Lou Brock Jr.

No. 38, 28
- Position: Cornerback

Personal information
- Born: May 8, 1964 (age 61) Chicago, Illinois, U.S.
- Listed height: 5 ft 11 in (1.80 m)
- Listed weight: 175 lb (79 kg)

Career information
- High school: Ladue Horton Watkins (Ladue, Missouri)
- College: Southern California
- NFL draft: 1987: 2nd round, 53rd overall pick

Career history
- San Diego Chargers (1987); Seattle Seahawks (1988); Detroit Lions (1988); Los Angeles Rams (1989)*;
- * Offseason and/or practice squad member only

Awards and highlights
- Second-team All-American (1986); Second-team All-Pac-10 (1986);
- Stats at Pro Football Reference

= Lou Brock Jr. =

American football player (born 1964)

Louis Clark Brock Jr. (born May 8, 1964) is an American former professional football player who was a cornerback and safety in the National Football League (NFL).

==Early life==
Brock was born in Chicago, Illinois and played scholastically at Ladue Horton Watkins High School in Ladue, Missouri, an affluent suburb of St. Louis. He played collegiately at the University of Southern California, where, as a senior, he was honored by the NEA/World Almanac as a second-team All-American.

==Professional career==

Brock was drafted by the Chargers in the second round of the 1987 NFL Draft with the 53rd overall pick.

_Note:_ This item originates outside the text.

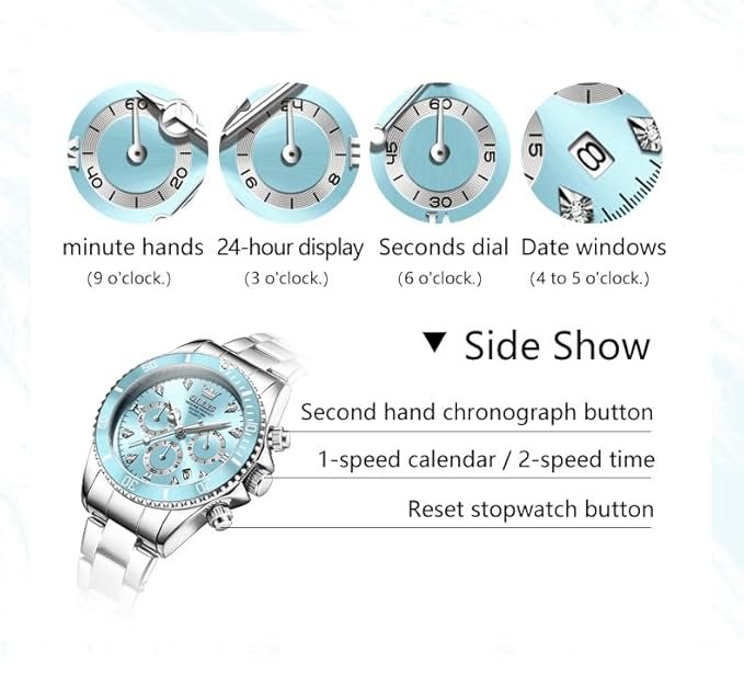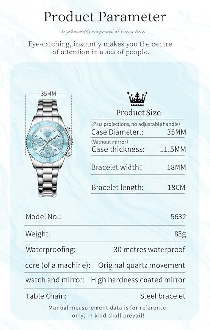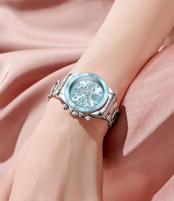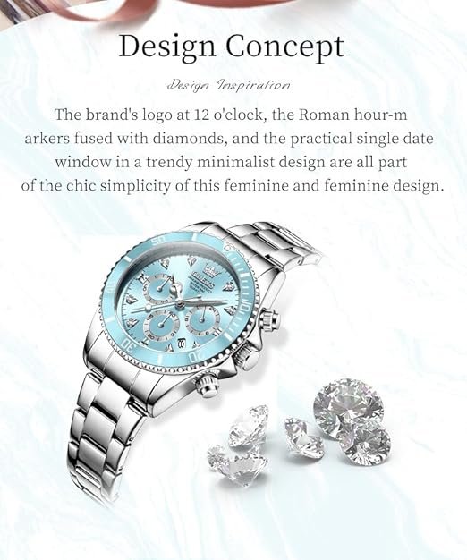 Be the first to review “OLEVS Watch for Women Luxury Stylish Diamond Analog Quartz Chronograph Elegant Silver Stainless Steel Chain Waterproof Date Ladies Wrist Watch” Cancel reply

He played one game for the San Diego Chargers in 1987, two games for the Detroit Lions in 1988, and one game for the Seattle Seahawks in 1988.

Pre-draft measurables
| Height | Weight | Arm length | Hand span |
|---|---|---|---|
| 5 ft 10+5⁄8 in (1.79 m) | 163 lb (74 kg) | 31+1⁄4 in (0.79 m) | 9+1⁄2 in (0.24 m) |

==Personal life==
Brock later worked as an executive with the Sprint/Nextel Corporation.

He is the son of Hall of Fame baseball player Lou Brock.